A Savills Investment Management fund backed by the family office of ARA founder John Lim and Singapore conglomerate Straits Trading has acquired four UK assets for £75 million ($97.6 million), according to a statement last week.
The four retail parks, including two in England and one each in Wales and Scotland, were acquired for a combined yield of almost 7.5 percent, Savills IM said. The acquisitions are the first for the UK Value Boxes fund, a “contrarian” strategy backed by The Land Managers — a unit of JL Family Office — and Straits Trading.
“We are delighted to have successfully deployed this amount of capital in such a short time into parks precisely fitting the strategy, especially given the competitive nature of the buyers’ market,” said Harry de Ferry Foster, Savills IM’s head of UK. “These acquisitions will provide a strong yield profile to our investors and exposure to a variety of household names as tenants off very low rents.”

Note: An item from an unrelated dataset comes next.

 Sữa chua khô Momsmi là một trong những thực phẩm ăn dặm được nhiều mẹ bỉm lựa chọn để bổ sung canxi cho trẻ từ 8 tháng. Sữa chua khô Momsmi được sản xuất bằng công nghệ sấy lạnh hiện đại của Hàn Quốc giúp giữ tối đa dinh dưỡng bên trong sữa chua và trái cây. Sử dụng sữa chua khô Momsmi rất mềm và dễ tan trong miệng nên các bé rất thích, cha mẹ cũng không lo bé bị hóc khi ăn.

Savills IM had tied up with its Singapore backers to launch the investment vehicle last October, with the aim of capitalising on the returns available from big-box retail in UK suburban centres and exploiting the mismatch between the relatively low property prices and high yields available in British retail parks as institutional investors increasingly focus on logistics, data centres and other more fashionable segments of the market.
Off the Beaten Path
True to its contrarian mission, the retail fund’s initial acquisitions are well away from London in provincial centres, with the two England assets located in Stafford, a town northwest of Birmingham in the West Midlands region, and Catterick, a village in North Yorkshire.
Hough Retail Park sits less than a mile from the Stafford town centre and provides 101,799 square feet (9,457 square metres) of retail space and 415 customer car parking spots.

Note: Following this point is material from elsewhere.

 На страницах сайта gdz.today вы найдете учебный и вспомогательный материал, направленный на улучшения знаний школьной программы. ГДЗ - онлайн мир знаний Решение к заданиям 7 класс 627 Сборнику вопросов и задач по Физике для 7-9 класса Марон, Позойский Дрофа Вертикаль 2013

In launching the fund last year, Savills IM indicated that it would be targeting properties leased to downturn-resistant retailers such as grocery, discount and DIY stores, and the Stafford asset aligns with this thesis with its tenant roll including such daily necessity providers as home improvement giant B&Q and catalogue-retailer Argos, as well as discount store Home Bargains and Starbucks.
The Princes Gate property in Catterick Garrison lies opposite a Tesco Extra store and features tenants including discount store Poundland, Pets at Home, Sports Direct and Boots.
In addition to its English assets, the fund also acquired Avenue Retail Park in the Welsh capital of Cardiff, anchored by M&S Foodhall, B&M and Home Bargains, and a retail park in Scotland’s Aberdeen leased to Aldi, Matalan, B&M and Argos.
The average passing rent on the four assets is £13.50 ($17.54) per square foot, Savills IM said, and the average unexpired lease term is seven years.
“The UK retail parks sector continues to demonstrate resilience to e-commerce trends given the high proportion of daily necessity and value-oriented items, and we look forward to making further purchases in the future to ensure the fund is fully invested,” de Ferry Foster said.
Digging for Discounts
The cornerstone investors of UKVB are The Land Managers, which serves as the real estate investment division of JL Family Office, and Straits Real Estate, the real estate investment subsidiary of Straits Trading.
The Land Managers, led by ARA Asset Management co-founder Lim’s son Andy Lim, is a boutique real estate investment firm under the JL Family Office, which manages the private investments of the elder Lim. The family office used to hold a 10 percent stake in its partner in UKVB, Straits Real Estate, but it announced last April that it would sell its interest for S$105 million ($78.3 million) in cash to a subsidiary of Straits Trading.
“We are pleased to work with Savills IM in our first investment into the UK,” Andy Lim said when the fund launched last October. “The country is experiencing a rapid recovery and its growth is set to be the fastest in Europe. By investing in a defensive retail asset class, we hope to capitalise on the pent-up demand from the COVID-19 restrictions over the last couple of years.”
SGX-listed Straits Trading disclosed in an October bourse filing that its subsidiary would commit up to £60 million to UKVB as part of a strategy to redeploy capital from its existing high-quality but low-yielding property portfolio into potentially higher-return real estate opportunities.